06/22
2010

40 Seconds of Bliss

Author: Sahil | Category: Life

Sitting at the top of the back row, its pitch dark and I can’t seem to keep a steady hand with my digital camera. I nervously start the record feature… this thing is awesome it records in HD?!?!??! I know I get easily distracted by toys! I can’t seem to comprehend the feelings I’m getting. It’s a hot muggy Sunday afternoon jammed into an auditorium where the air-conditioning seems like it can barely keep up.

Almost 4 years… and I am watching what amounts to being bigger than the Super Bowl, the Grand Slam in Tennis, March Madness and all other major events into one event that would change my life.  I see four figures march on to the stage. They are so adorable in their pink ballet costumes. There she is…

Anjali is the second from the right in the movie I have embedded below.
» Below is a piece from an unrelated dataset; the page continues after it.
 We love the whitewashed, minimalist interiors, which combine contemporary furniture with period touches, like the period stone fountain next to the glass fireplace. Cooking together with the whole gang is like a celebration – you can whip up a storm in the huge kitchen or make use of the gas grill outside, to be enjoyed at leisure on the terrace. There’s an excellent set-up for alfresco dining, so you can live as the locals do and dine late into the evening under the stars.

How did she grow up so fast where she was performing in front of an audience that is larger than any audience I have ever been in front of and doesn’t look intimidated at all? How did this little girl that I swore I was holding in my arms become this little princess that loves to dance?
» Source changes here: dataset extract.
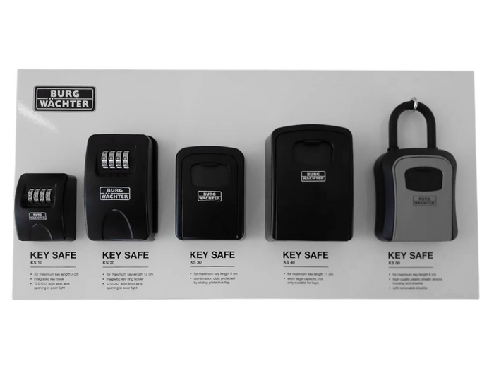BURG-WÄCHTER Display Board showcasing products from their Key Safe Product Range.

It was May 23rd, and it was a day that I almost broke down in tears. Almost… maybe a little misty eyed. I have to keep up a reputation don’t I? The familiar song of “Once Upon a Dream” from the Disney classic Sleeping Beauty came through the speakers as I saw her move and dance to the music.

She was perfect! My little angel was dancing, doing ballet moves that she teaches me in the family room on a regular basis, and was dancing so well. She was by far the best one! I know, I am not necessarily supposed to say that, but I am! She was! I couldn’t stop smiling.
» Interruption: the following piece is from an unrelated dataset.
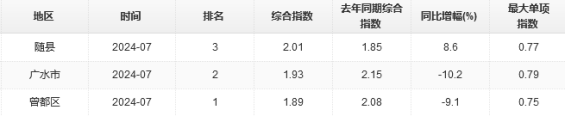 20247月,隨州市空氣監測數據:可吸入顆粒物(PM10)平均濃度值為22μg/m3,較去年同期降低21.4%;細顆粒物(PM2.5)平均濃度值為15μg/m3,較去年同期降低16.7%;二氧化硫(SO2)平均濃度值為6μg/m3,較去年同期無變化;二氧化氮(NO2)平均濃度值為4μg/m3,較去年同期降低33.3%;一氧化碳(CO)第95百分位值為0.8mg/m3,較去年同期升高14.3%;臭氧(O38小時最大值日第90百分位值為120μg/m3,較去年同期升高1.8%

The crowd was captivated, they latched on to every note, every move, cheering, and laughing and enjoying these tiny dancers as they took their hearts. Every accomplishment that I have had in my life is nothing compared to that. I understand the thought of wanting your children to exceed what you have done and she is 3!

Maybe I was realizing that this is one of those major, life changing steps that I had when I was younger and how life shifted gears as I grew. I see it in her or maybe that I adore her, admire her, and appreciate her like no one else does and that everything she does is of a monumental nature.

During the few months leading up to it, let’s just say life has been a bit chaotic. So much on my mind, so much in my heart, so many things to try to manage at once I couldn’t keep it straight. I used to have this mind that would remember everything and down to a detail, I never wrote things down, I never took notes… I just knew it… this is one of those moments that I will never forget. It’s the 40 Seconds of Bliss that made life stop… it made it sweeter… it made it better and all my stress and struggles disappeared.

My baby girl did that for me without even trying. What a day… I want more of those… but not too quickly! She still isn’t dating until 27! =) Wow, still speechless on the wonder. Makes me proud, makes me feel like a parent.